One change concerns the Palestinian front. Trump’s statement that he does not insist on the two-state formula breaks with what has been American dogma for nearly a quarter of a century.
In this regard, it can be said that the Palestinians have again not missed an opportunity to miss an opportunity. The American adoption of this idea provided the Palestinians with a viable chance for statehood that will now be increasingly difficult to restore.
The growing American lack of interest in the Palestinian situation is intensified by the Arab civil wars, as US lawmakers on both sides of the aisle increasingly conclude that the Arab-Israeli conflict is not the cause of the region’s problems, unlike what Obama implied in his Cairo speech of 2009.
True, Netanyahu was given no green light to do as he pleases in the West Bank. Trump’s request as the two faced reporters, “hold back on settlements for a little bit,” poured cold water on those standing to Netanyahu’s right who celebrated Trump’s victory as a messianic epiphany.
The same goes for the US Embassy’s transfer to Jerusalem, a vow from which Trump seems to be retreating.

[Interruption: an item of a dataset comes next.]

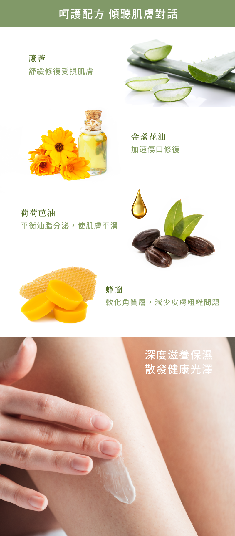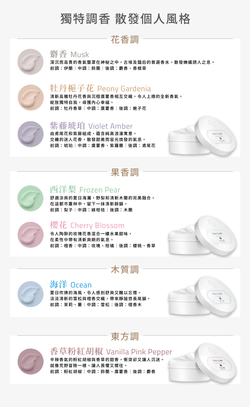 • 天然植物油,調節肌膚狀態

Similarly, Ambassador-designate David Friedman’s statement to a Senate confirmation panel that he backs the two-state solution demonstrated the limits of Washington’s new toleration of the Right’s agenda.

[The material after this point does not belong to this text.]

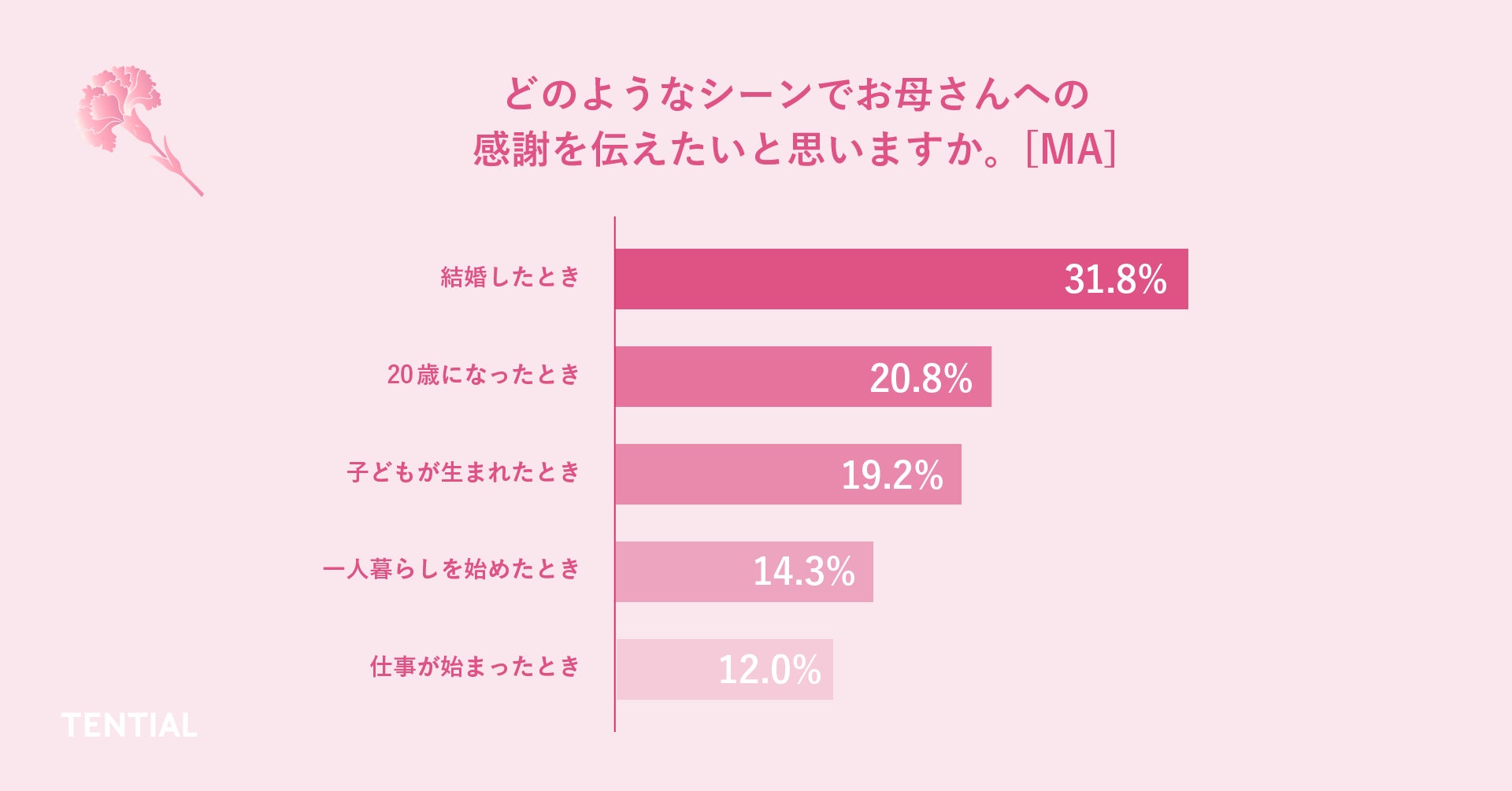 女性が母親に感謝を伝えたいシーンは結婚した時が最も高く、31.8%でした。また、結婚1年以内の新婚者のうち80%が今年の母の日に母親にプレゼントを渡したいと思っており、結婚の節目に親への感謝をする方が多いこともわかりました。

Even so, change is deep because Trump fully accepts most Israelis’ views on the two issues that overshadow the broader Mideast: terrorism and Iran.
THE PREVIOUS administration stubbornly refused to say the West is at war with Islamism, namely, the ideology that strives to violently impose Islam on the world. Instead, Obama repeatedly defined “terrorism” as the enemy.
Most Israelis have forged their views on this issue in the wake of last decade’s violence here. Obama’s attitude carried profound meaning because if Islamism is not exposed as a global scourge and an implacable ideology, then the counterattack cannot be properly waged, and the war cannot be won.
Washington’s new management fully agrees with Israel on this front, and this goes not only for the president but also for his cabinet and the Republican-controlled Congress.
The same goes for Iran.
The previous administration’s assumptions that Tehran’s mullahs are reasonable diplomatic partners and that they can offer a reliable cushion for American interests in the Middle East are, in the eyes of the current administration, abominations.
For the new White House, Congress and Pentagon, today’s Iran is the same one that took hostage 52 Americans in Tehran, murdered 305 American and French peacekeepers in Beirut, and then sent agents to attack dissidents, diplomats and embassies worldwide.
To this administration, Obama’s apology in his Cairo speech for America’s (marginal) role in a 1953 coup in Tehran was political lunacy. Iran to them is the inventor of global jihadism and a major engine of the Mideast’s multiple wars, as it seeks a Shi’ite corridor stretching from Tehran to the Mediterranean through Iraq, Syria and Lebanon, and also to the Red Sea through Yemen.
Iran’s role in the Arab civil wars is seen by the current administration as a threat not only because of Tehran’s record on terrorism, and not only because of its stated quest to see Israel erased, but also because of its threat to the Sunni states’ regional hegemony.
America’s new leaders see as its enemies the Iranian regime and all things Islamist – the ideology, its apostles and their troops. Stemming from this is a return to the original American quest to undo, rather than delay, Iran’s nuclear ambitions, and a new quest to encourage the ayatollahs’ political demise.
At the same time, the urge to impose democracy, as Obama tried to do in Egypt, is gone, as is the urge to improvise peace the way John Kerry tried to do while shuttling between Jerusalem and Ramallah.
Washington’s radically changed thinking was made plain in Trump’s meeting with Netanyahu, and then in UN Ambassador Nikki Haley’s statement in a press conference that the UN’s “prejudiced approach to Israeli-Palestinian issues bears no relationship to the reality of the world,” and that the organization’s “double standards are breathtaking.”